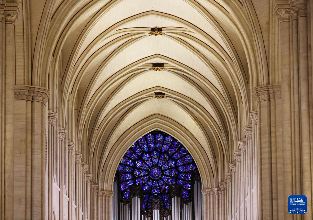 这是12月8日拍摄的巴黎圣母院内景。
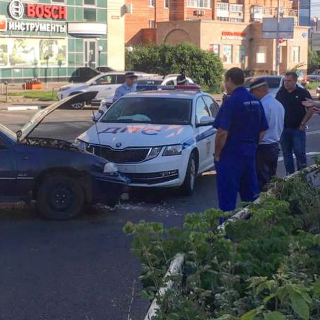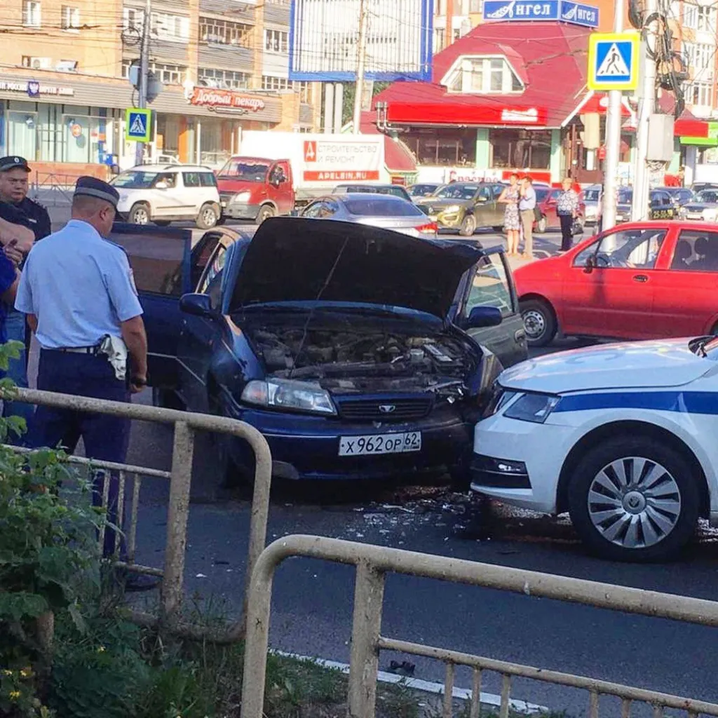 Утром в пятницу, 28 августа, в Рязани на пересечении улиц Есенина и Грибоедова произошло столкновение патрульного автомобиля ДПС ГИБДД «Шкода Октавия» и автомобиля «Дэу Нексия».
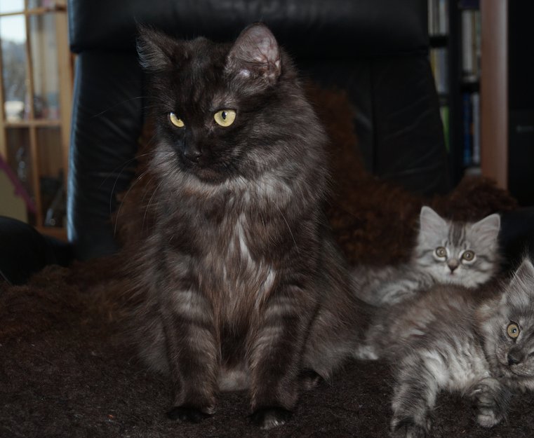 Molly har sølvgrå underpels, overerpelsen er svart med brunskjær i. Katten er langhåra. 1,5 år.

__Assignment__. From the material above, reproduce everything verbatim except the pictures.

__Solution to this problem__.
 这是12月8日拍摄的巴黎圣母院内景。
 Утром в пятницу, 28 августа, в Рязани на пересечении улиц Есенина и Грибоедова произошло столкновение патрульного автомобиля ДПС ГИБДД «Шкода Октавия» и автомобиля «Дэу Нексия».
 Molly har sølvgrå underpels, overerpelsen er svart med brunskjær i. Katten er langhåra. 1,5 år.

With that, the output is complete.